The growth represents a 31 percentage points higher than the 5.0 per cent, YoY growth recorded at the end of June 2022.
Furthermore, consumer loans recorded quarter-on-quarter growth, QoQ of 12.2 per cent from N2.35 trillion at the end of Q1’23.
“Consumer credit improved owing to increased demand for personal loans and strengthened enforcement of the Loan-to-Deposit Ratio (LDR) policy,” the CBN said.
On the LDR, the apex bank had stated in 2019: “All Deposit Money Banks (DMBs) are required to attain a minimum LDR of 65% by December 31, 2019 and this ratio shall be subject to quarterly review. To encourage SMEs, Retail, Mortgage and Consumer Lending, these sectors be assigned a weight of 150% in computing the LDR for this purpose.”
The increase in demand for personal loans according to analysts and bankers who spoke to Financial Vanguashallrd is due to the higher cost of living caused by persistent rise in prices of goods and services as well as continued depreciation of the naira.

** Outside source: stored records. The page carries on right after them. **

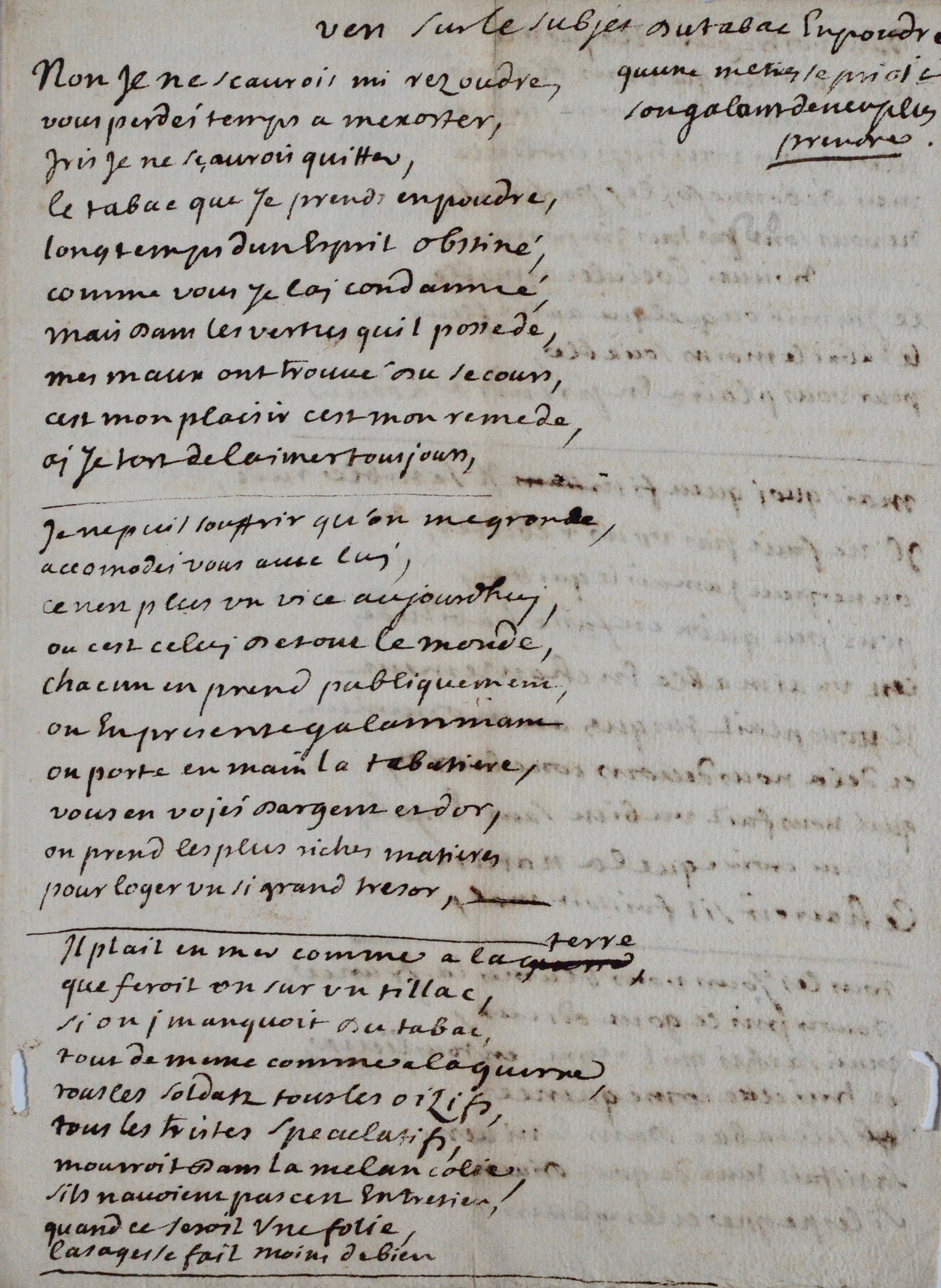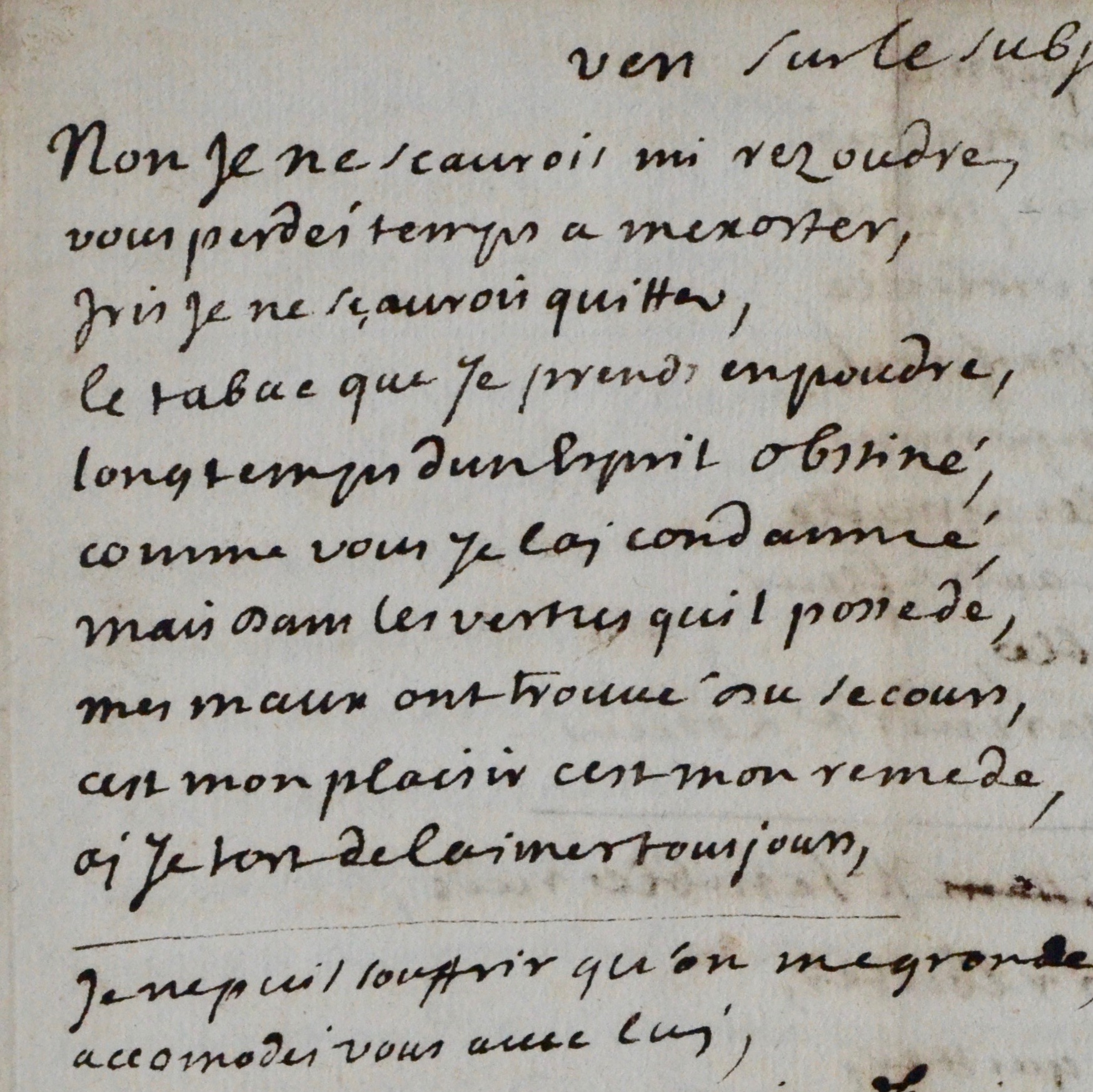 "Non je ne scaurois me rezoudre / vous perdès temps à m'exorter / Iris je ne sçaurois quitter, / le tabac que je prends en poudre, / longtemps d'un esprit obstiné, / comme vous je l'ai condamné, / mais dans les vertus qu'il possède, / mes maux ont trouvé du secours, / c'est mon plaisir c'est mon remède, / ai-je tort de l'aimer toujours [...]".
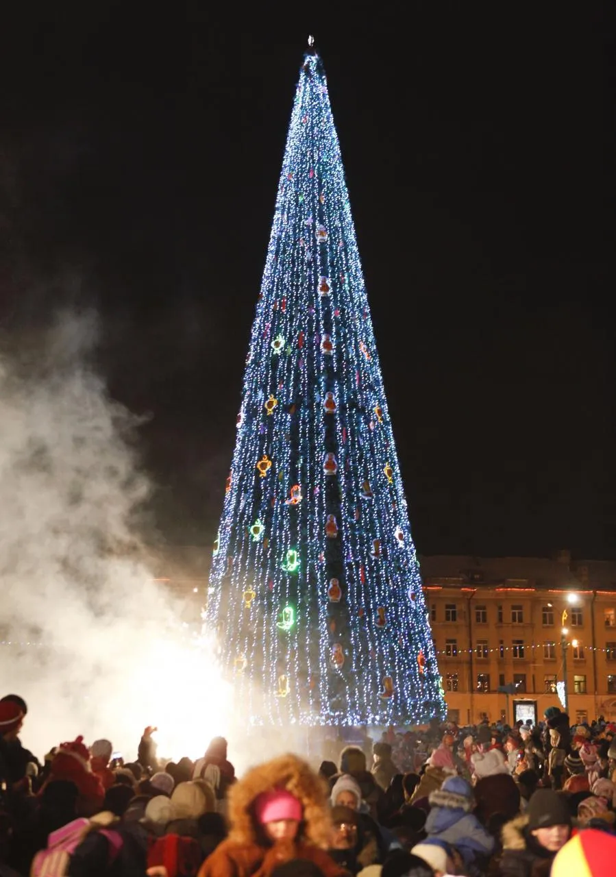 Не менее 12 тысяч человек ожидали главного новогоднего героя и на площади Дерунова. Никогда еще столько горожан сразу здесь не собиралось. Дед Мороз поздравил всех с наступающим праздником: « Дорогие мои друзья, рыбинцы! От мала до велика поздравляю вас с Новым годом. Счастья, здоровья, мира. И пусть все ваши желания исполнятся, мечты сбудутся».
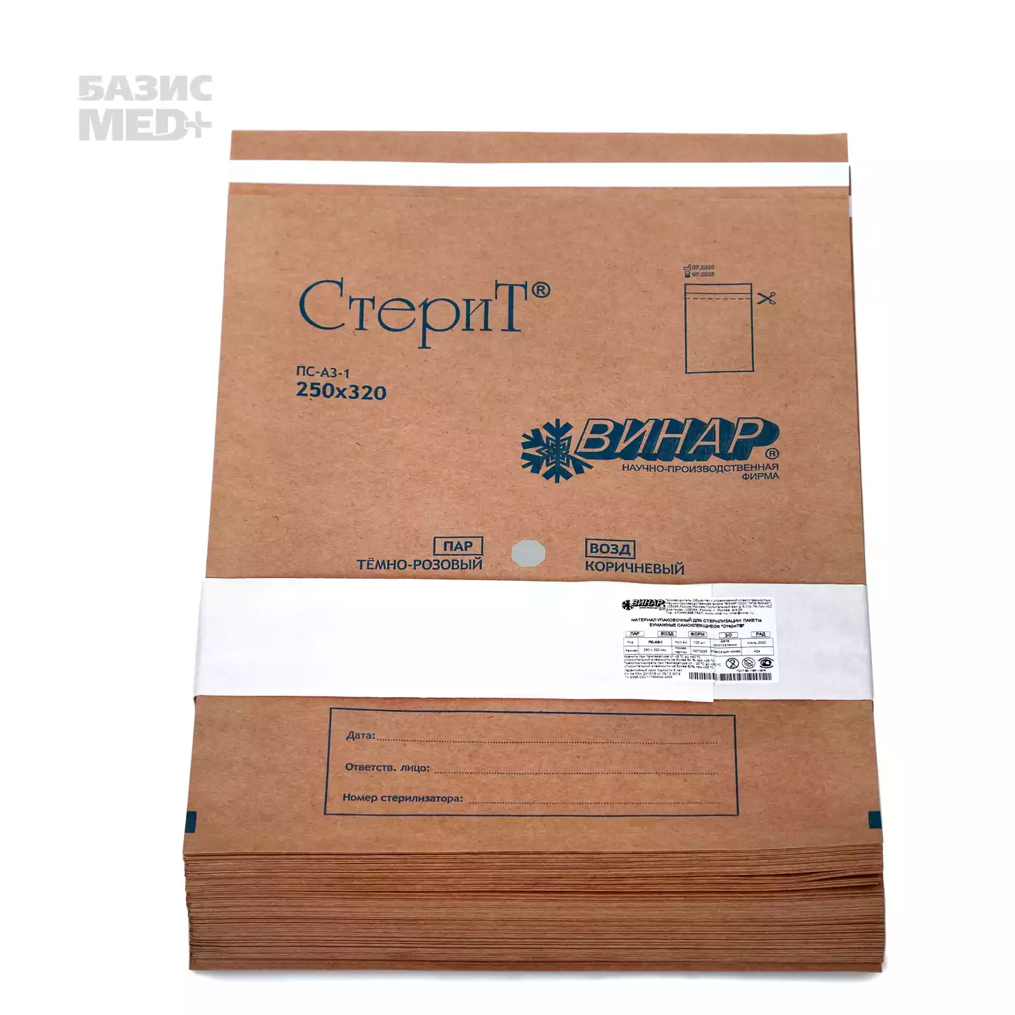 Пакет СтериТ, размер 150*300мм, бумажный, крафт, самоклеющийся, упаковка 100штВинар НПФ (РОССИЯ)

The NBS data also showed that over 65 per cent rise in inflation in October, was caused by increases in the prices of basic household needs namely, Food & Non-Alcoholic Beverages, Housing, Water, Electricity, Gas & Other Fuel. In addition to food shortages caused by insecurity and transport cost, a major factor behind the increases in prices of goods and services is the continued depreciation of the nation’s currency.
The depreciation of the naira was aggravated by reform measures introduced by the CBN on June 14th, 2023.
In the official market, the exchange rate rose to N840.53 per dollar last week Wednesday from N471.67 per dollar on June 14th, representing 78 per cent depreciation. Similarly, the exchange rate in the parallel market rose to N1,155 per dollar from N768 per dollar on June 14th, 2023, representing 50 per cent depreciation.
The higher cost of living resulting from this development, according to banks, has triggered a sharp increase in demand for consumer loans.
Experts, analysts’ insight
Commenting on this situation, a senior banker who spoke to Financial Vanguard on condition of anonymity, said: “There has been a consistent increase in loan demand across all consumer segments, with an almost 50% increase in the average loan amount requested by customers in the affluent segments.”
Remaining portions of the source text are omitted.